Now we write a wrapper function to bipartition a given cluster using k-means. There are three variables that together comprise the cluster:
dataframe
: a subset of the original dataframe that correspond to member rows of the clustermatrix
: same set of rows, stored in sparse matrix formatcentroid
: the centroid of the cluster (not applicable for the root cluster)Rather than passing around the three variables separately, we package them into a Python dictionary. The wrapper function takes a single dictionary (representing a parent cluster) and returns two dictionaries (representing the child clusters).
In [6]:
def bipartition(cluster, maxiter=400, num_runs=4, seed=None):
'''cluster: should be a dictionary containing the following keys
* dataframe: original dataframe
* matrix: same data, in matrix format
* centroid: centroid for this particular cluster'''
data_matrix = cluster['matrix']
dataframe = cluster['dataframe']
# Run k-means on the data matrix with k=2. We use scikit-learn here to simplify workflow.
kmeans_model = KMeans(n_clusters=2, max_iter=maxiter, n_init=num_runs, random_state=seed, n_jobs=-1)
kmeans_model.fit(data_matrix)
centroids, cluster_assignment = kmeans_model.cluster_centers_, kmeans_model.labels_
# Divide the data matrix into two parts using the cluster assignments.
data_matrix_left_child, data_matrix_right_child = data_matrix[cluster_assignment==0], \
data_matrix[cluster_assignment==1]
# Divide the dataframe into two parts, again using the cluster assignments.
cluster_assignment_sa = graphlab.SArray(cluster_assignment) # minor format conversion
dataframe_left_child, dataframe_right_child = dataframe[cluster_assignment_sa==0], \
dataframe[cluster_assignment_sa==1]
# Package relevant variables for the child clusters
cluster_left_child = {'matrix': data_matrix_left_child,
'dataframe': dataframe_left_child,
'centroid': centroids[0]}
cluster_right_child = {'matrix': data_matrix_right_child,
'dataframe': dataframe_right_child,
'centroid': centroids[1]}
return (cluster_left_child, cluster_right_child)
The following cell performs bipartitioning of the Wikipedia dataset. Allow 20-60 seconds to finish.

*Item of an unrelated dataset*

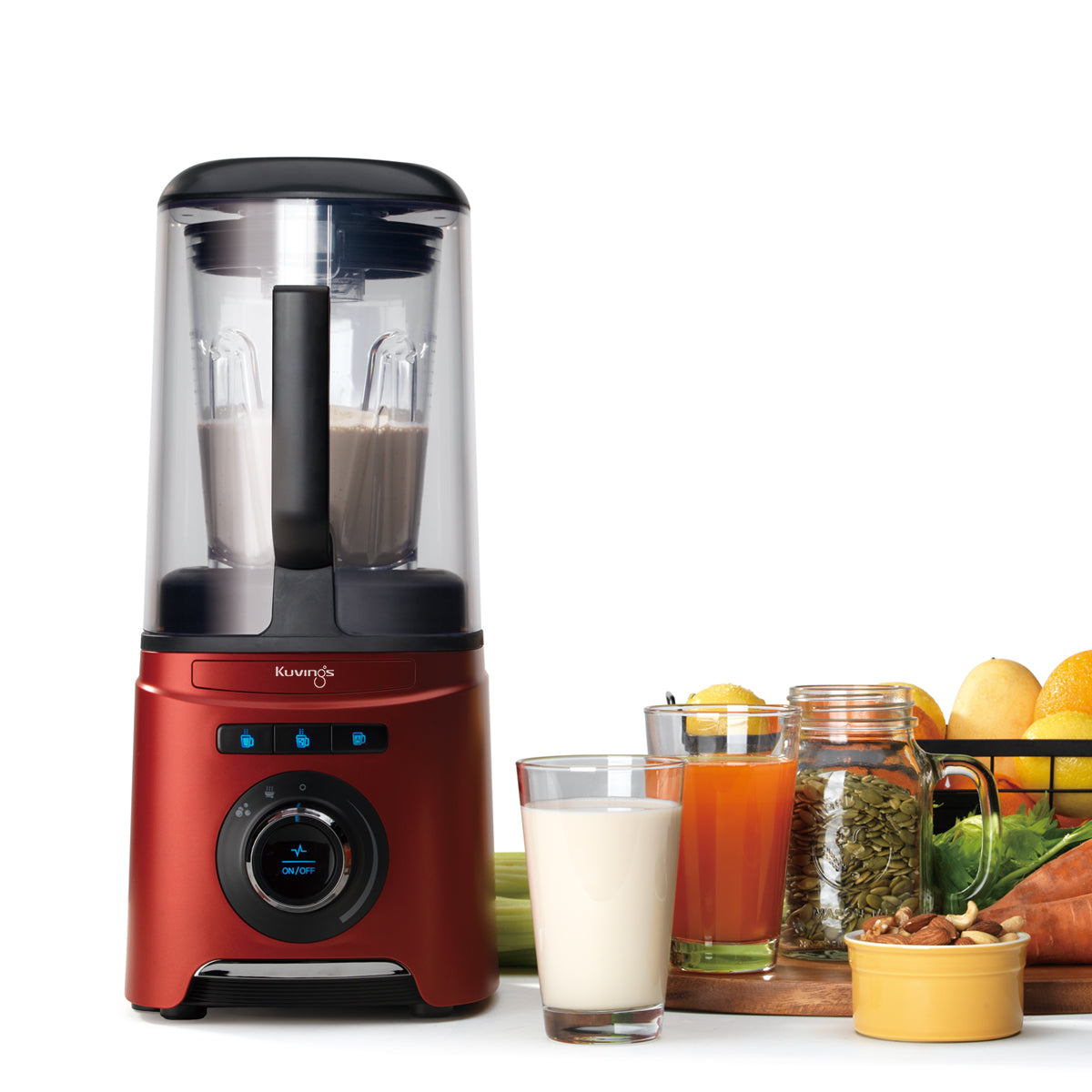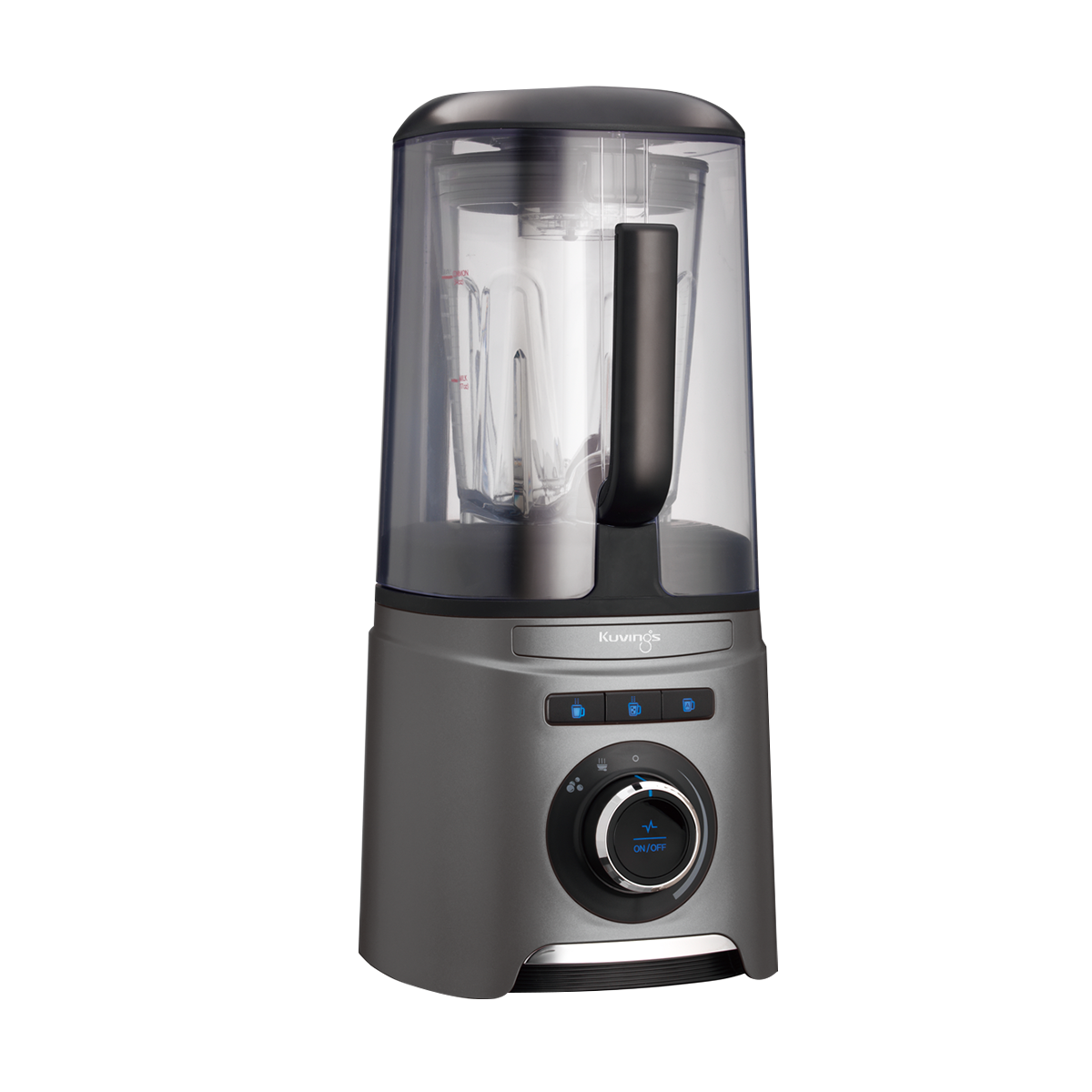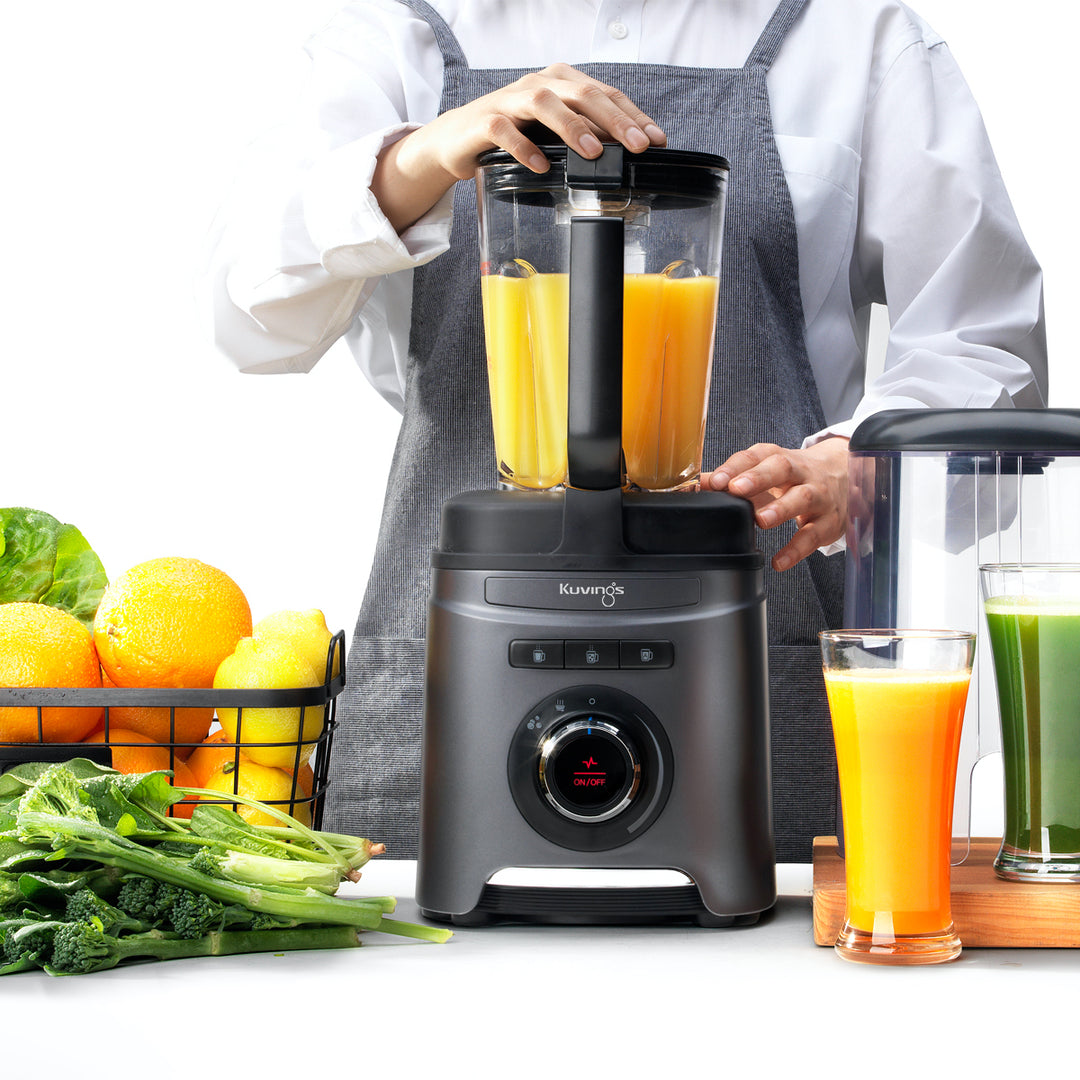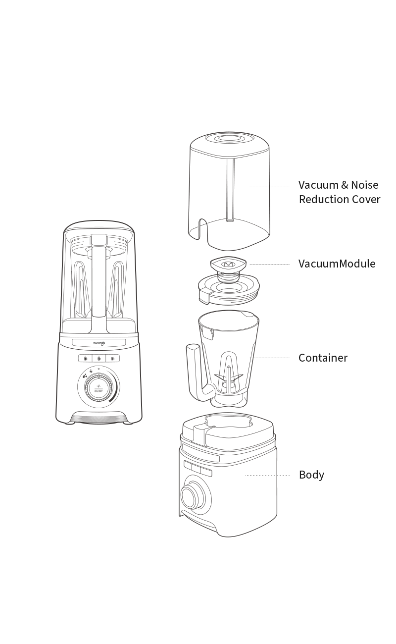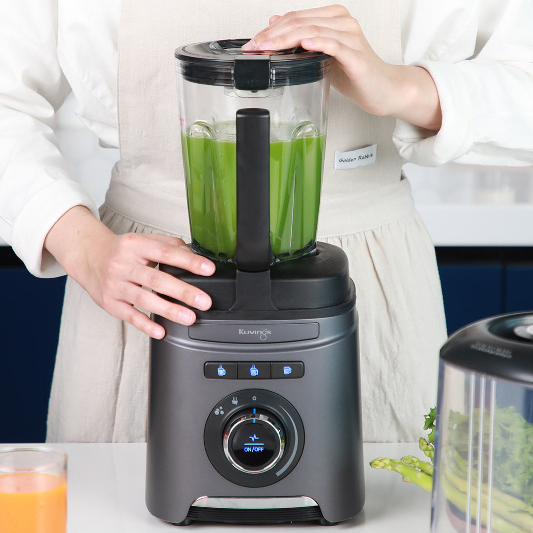 Kuvings' Vacuum Blender Elegance. Blend in silence with noise reduction cover. Savor richer flavors, thanks to reduced oxygen. Elevate dishes with Vacuum Tumbler's heat magic. Convenience reigns with pre-programmed buttons and auto cleaning. Safety's embrace with the sensor's watchful eye. Stay cool with the air cooling system.

Note. For the purpose of the assignment, we set an explicit seed (seed=1
) to produce identical outputs for every run. In pratical applications, you might want to use different random seeds for all runs.
In [7]:
wiki_data = {'matrix': tf_idf, 'dataframe': wiki} # no 'centroid' for the root cluster
left_child, right_child = bipartition(wiki_data, maxiter=100, num_runs=8, seed=1)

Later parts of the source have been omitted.